Karen: Agreed, all of the characters are still in the process of becoming the personalities we recall. There are a number of instances where we get incongruous lines, such as the quote you gave from Pietro. That one is just jarring! But the foundations for the characters are there.
Sharon: Yes; Cap using the term “Bush-Head” that Doug mentioned earlier, Pietro’s way-too-casual speech here…I see these lapses as a by product of Stan stretching himself too thin, what with being the chief writer (dialoguer) for several comics.
Karen: As I mentioned in a previous post, this group of Avengers has not fared particularly well. Steve Rogers is (supposedly) dead and has been for nearly two years, Wanda went mad in Avengers Disassembled and caused the deaths of numerous Avengers, including Hawkeye, who’s now back and strangely saddled with the identity of Ronin, and Pietro has had many difficulties, to the point where he has become almost a villain. I’m not sure whose fate bothers me the most! I miss Cap terribly – I think (at least before the Civil War) he was the Marvel Universe’s moral center. Although I’ve enjoyed most of what Ed Brubaker has done with Bucky over in Captain America, I would prefer to see Steve back.
Sharon: I like Pietro’s complexity: he’s not charismatic (which is refreshing) but he’s fascinating because he’s neither completely good nor evil. I’ve always found him to be interesting; except perhaps during his first stint with the Avengers (yes, here!) when he was pretty one-dimensional (he’d had more of a spark earlier when he was in the X-Men comic). As for Wanda, I’ve always considered her to be mentally fragile. She seemed very immature in the early Avengers days and then in Avengers #49 and #53, and the related X-Men #43-45, she just seemed so lost. Her history of breakdowns doesn’t surprise me in the least. Naturally I didn’t expect (or want) the Avengers we know and love to be dissolved in Disassembled, but her actions there were in keeping with her character as I’ve seen it over the years. The Ronin issue doesn’t bother me either because Hawkeye has always had a penchant for changing identities, powers, and costumes--maybe not as much as Hank Pym, but it’s part of who Clint is: always trying to better himself. Now, as for Steve Rogers: I think it’s pretty ballsy of Marvel to have killed him off (though I have no doubt he’ll be back one day). But his absence is a story element in itself, and I think that’s one of the points.
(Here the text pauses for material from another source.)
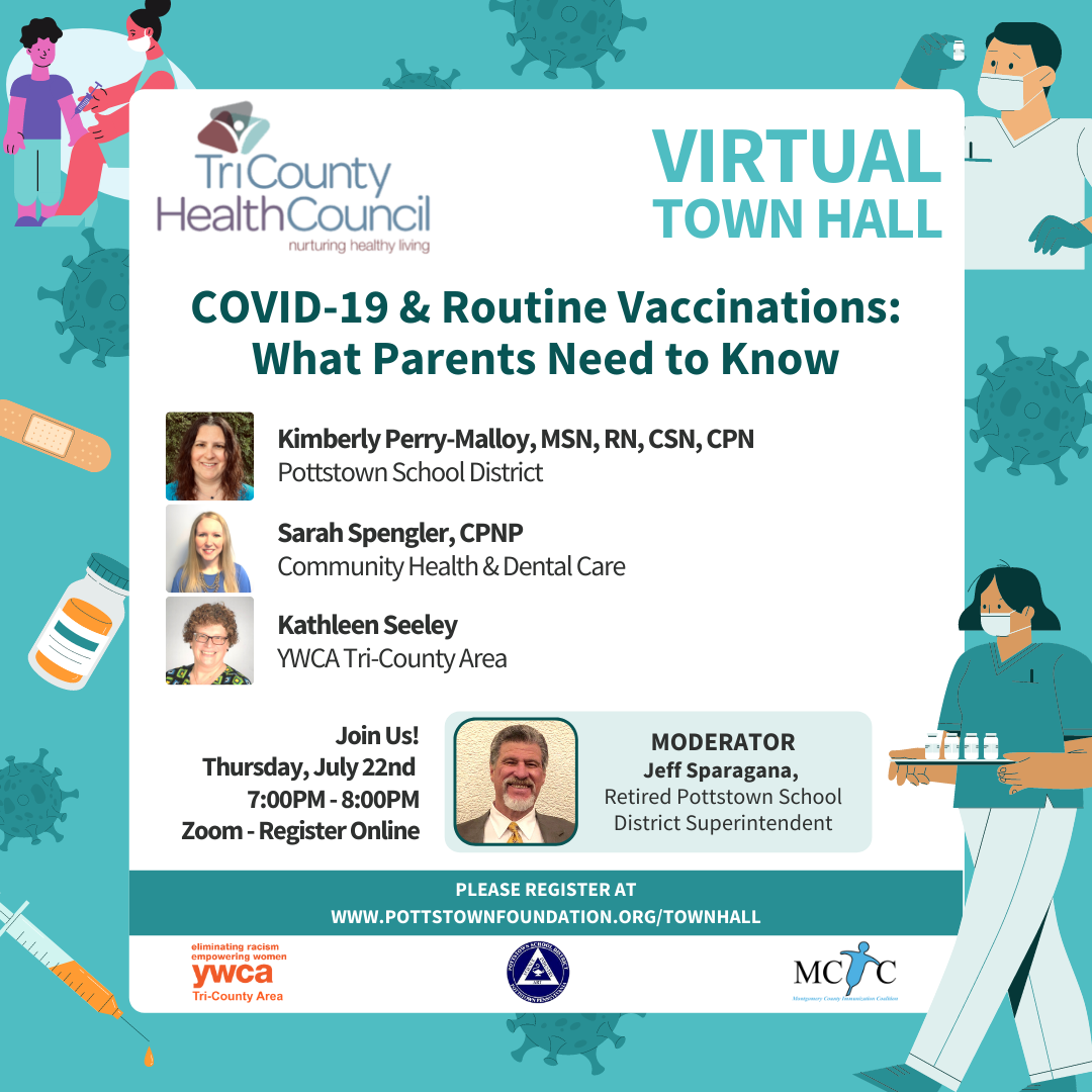 Special thanks to all our community partners who helped organize this town hall, including: The Montgomery County Immunization Coalition, YWCA Tri-County Area, and Pottstown School District.

Karen: I hated Disassembled and having Wanda go completely insane – we’ve already seen her have breakdowns or be twisted by evil entities, but this was too much. Perhaps the worst part was that it seemed to be done primarily so a new title could be launched. Hawkeye’s death was meaningless, and to have him running around now with ninja weapons makes absolutely no sense! Quicksilver was already a jerk before Brian Bendis got to him, so I guess his situation bothers me least.
Doug: I’m sure I’ve stated before that I no longer buy too many new comics, and I’ll be quite blunt – it’s largely (way largely) due to the very events you two have just discussed. I find it depressing that writers today cannot think of stories that exist within the parameters that have been set over the course of a 40-year history, but instead find it necessary to turn everything upside down. Not change with logic, but destroy. Clint Barton from Hawkeye to Goliath was fine in the face of Hank Pym’s metamorphosis to Yellowjacket; Clint Barton to ninja – uh, no.
Karen: Probably the only other Avenger to suffer as much as these four would be Hank Pym…and he would be returning to the team shortly after this series of issues we’ve just read!